Avoid being politicized. Don't be seen to take sides with one stakeholder group against another. Your role also implies that you can be proactive and have some say as lead negotiator.- Give people time to digest new ideas. Even if they understand the ideas straight away, they need time to ask questions about them, consider implications, and make them their own. (Implications in particular take time to identify.)
Some people instinctively reject new ideas, but they can come around if given time and the opportunity to discuss it again later on. Unless they offer immediate agreement based on a sound understanding of the idea, it's often a good to let them think it through. And even if they do immediately agree, it could be wise to let them reflect on it rather than make an impulsive commitment.- Make sure you keep good notes of everything, e.g. a detailed diary. Your assessor may ask you to verify your work from them. (In some cultures, it may be best to make your notes in private.) Write your results down, saying what you achieved.

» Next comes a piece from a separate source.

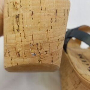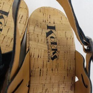 Korks Kork-Ease Austin Sandals Women 11 EU 43 Navy Leather Faux Cork Wedge Shoe
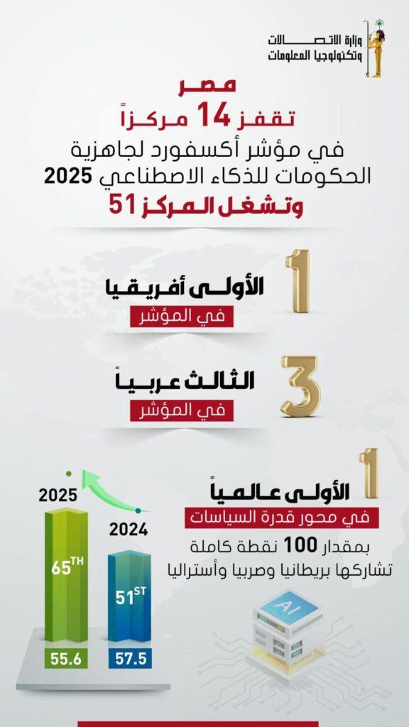 مصر تتربع علي عرش أفريقيًا فى مؤشر جاهزية الحكومات للذكاء الاصطناعى لعام 2025 الصادر عن Oxford Insights وتحصد المركز الأول

Report the benefits of the consultation. A common weakness is to report that it was done, but not any worthwhile result.
- Did you ascertain whether you will meet real needs?
- How did your views change? What did you learn?
- What will you do differently as a result of consultation?
- Will the CD project have a good chance of success? How do you know?
Other sources
- Interview questionnaires are probably most useful at this stage, but the Toolkit contains other methods that may be better in more institutional contexts.
- Credibility
- Re-read the relevant sections of the Community Development Guide and Ausguide. You don't have to do everything that they suggest, just what you need.